▶ TASK DETAILS
Below are the entries. Print only the lines starting at the one with "El viernes 17" and ending at the one with "Our Engraved Kids", exactly, with no pictures.
##### MATERIALS PROVIDED #####
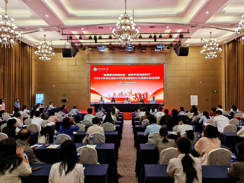 (马克思主义学院 讯 农涛 朱青穗/文、图)10月21日,由自治区教育厅主办、广西民族大学承办的“新思想引领新征程·新青年建功新时代”——2023年全区高校大学生讲思政课公开课展示活动现场决赛中,由学校马克思主义学院王晓艳老师、陆艳花老师、农涛老师指导,温普淳、李美枝、彭欣怡、韦静霞、朱诗桦等学生创作的作品《做改革生力军,为交通强国添动力》荣获高职高专组一等奖,由梁丽圆老师、朱青穗老师、张立炜老师指导,龙婷婷、吴明泽、杨耀铭、刘建、吴连照、熊德等学生创作的作品《生态“颜值”变绿色“产值” 绘就美丽画卷》荣获高职高专组二等奖。
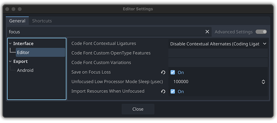 Below are the recommended settings for configuring the Godot editor for optimal integration with Neovim as your external editor. To access these settings, make sure that the Advanced Settings switch is enabled at the top of the Editor Settings dialog.
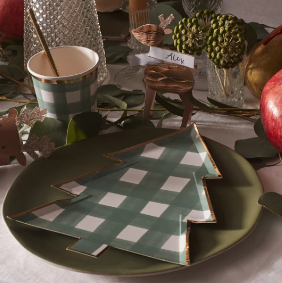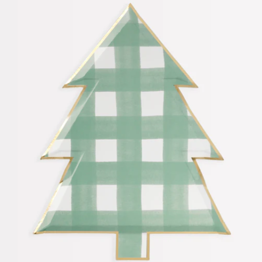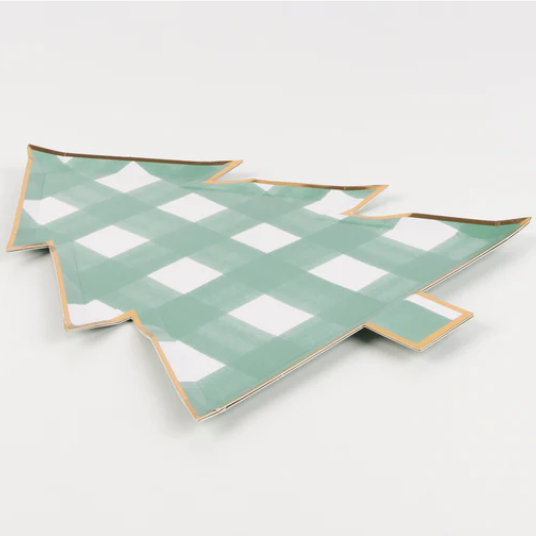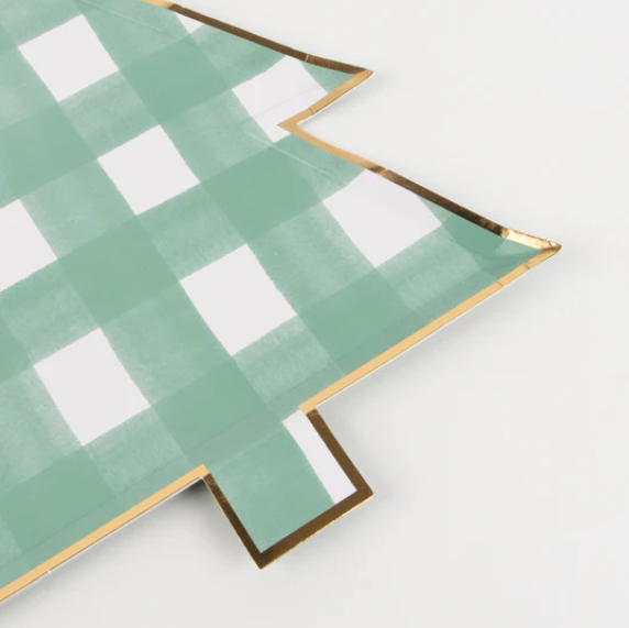 Splendidi piatti sagomati a forma di albero di Natale con un elegante design invernale a quadretti verdi e bianchi, saranno incredibili sul tuo tavolo da festa! La confezione contiene 8 piatti in cartoncino ecologico con un favoloso bordo in foglio d’oro per un effetto scintillante.
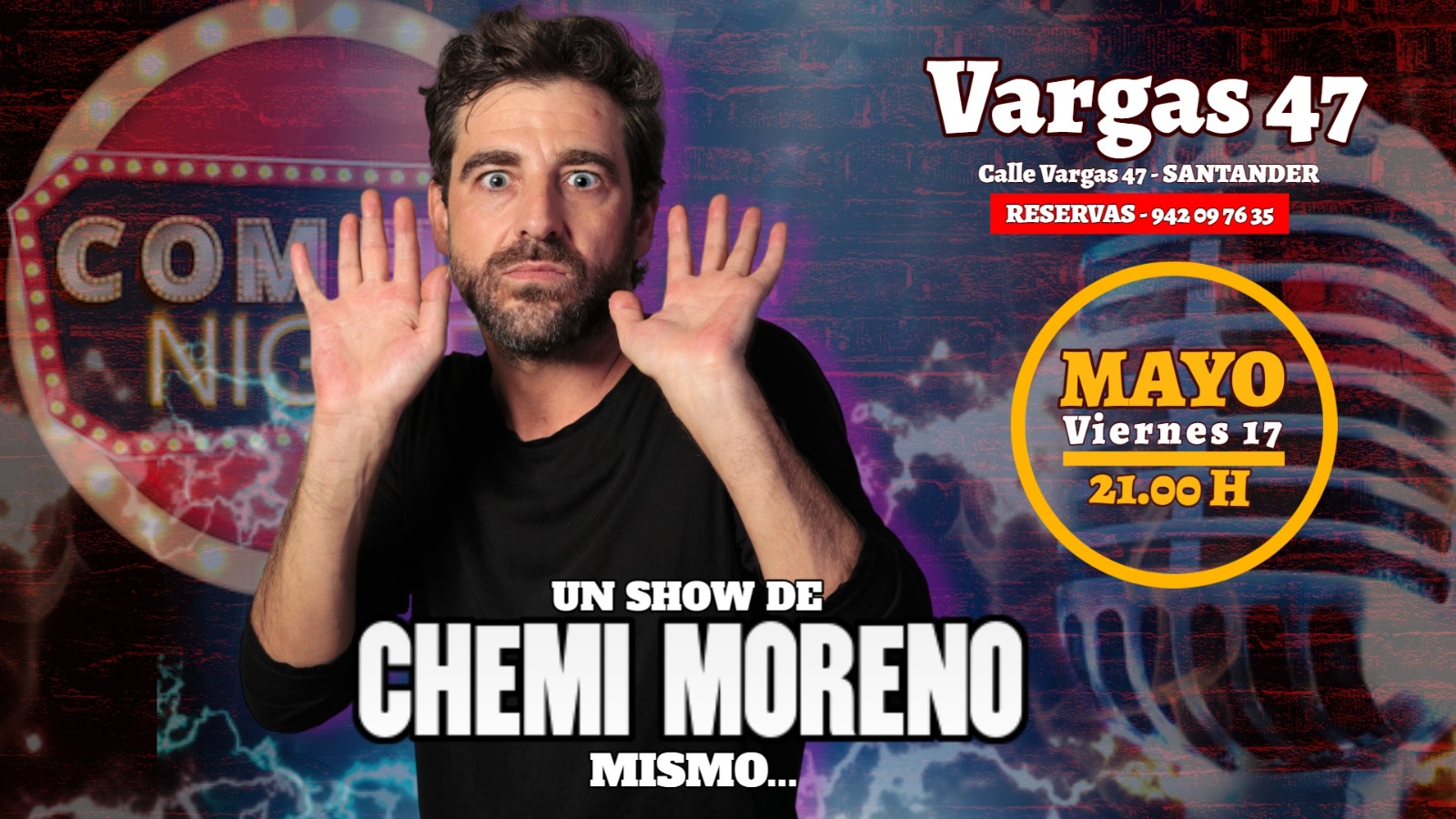 El viernes 17 de mayo, a partir de las 21 horas, tendrá lugar un nuevo espectáculo de comedia, gratuito, en la cafetería Vargas 47, de la mano del cómico madrileño Chemi Moreno.
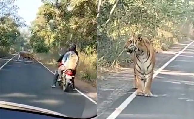 वीडियो में देखा जा सकता है कि, कैसे जंगल के बीच से गुजर रही सड़क पर अचानक एक बाघ आ जाता है, इस दौरान वहां एक कार सवारों के साथ-साथ बाइक सवार दो लोग बाघ के एक दम सामने आ जाते हैं, जिसे देखकर बाइक सवारों की डर के मारे सिट्टी-पिट्टी गुम हो जाती है. वीडियो में आगे जो होता है, उसे देखकर आपके भी रोंगटे खड़े हो जाएंगे.
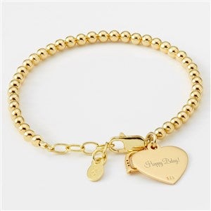 Our Engraved Kids Gold & Sterling Silver Beaded Heart Bracelet is a classic design that will be cherished for years to come! It makes a perfect gift for birthdays, religious milestones, graduation, and many other celebrations. Engrave the heart charm with their name, initials, a special date, or a short message.
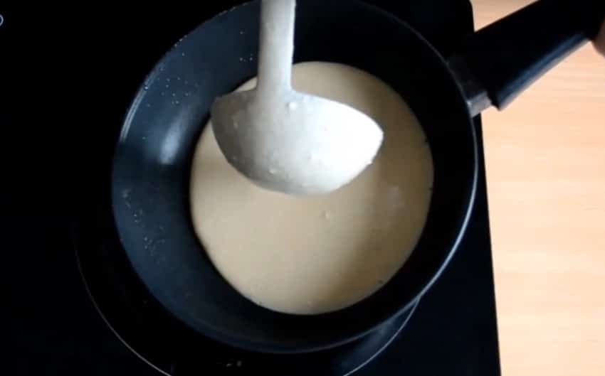 Ставим сковороду с небольшим количеством масла на средний огонь. Когда масло хорошо разогреется, с помощью черпака выливаем жидкое тесто в середину емкости. При этом одной рукой держим ручку сковороды и быстрыми круговыми движениями распределяем тесто по всей сковороде
#####
▶ RESPONSE TO THE TASK
 El viernes 17 de mayo, a partir de las 21 horas, tendrá lugar un nuevo espectáculo de comedia, gratuito, en la cafetería Vargas 47, de la mano del cómico madrileño Chemi Moreno.
 वीडियो में देखा जा सकता है कि, कैसे जंगल के बीच से गुजर रही सड़क पर अचानक एक बाघ आ जाता है, इस दौरान वहां एक कार सवारों के साथ-साथ बाइक सवार दो लोग बाघ के एक दम सामने आ जाते हैं, जिसे देखकर बाइक सवारों की डर के मारे सिट्टी-पिट्टी गुम हो जाती है. वीडियो में आगे जो होता है, उसे देखकर आपके भी रोंगटे खड़े हो जाएंगे.
 Our Engraved Kids Gold & Sterling Silver Beaded Heart Bracelet is a classic design that will be cherished for years to come! It makes a perfect gift for birthdays, religious milestones, graduation, and many other celebrations. Engrave the heart charm with their name, initials, a special date, or a short message.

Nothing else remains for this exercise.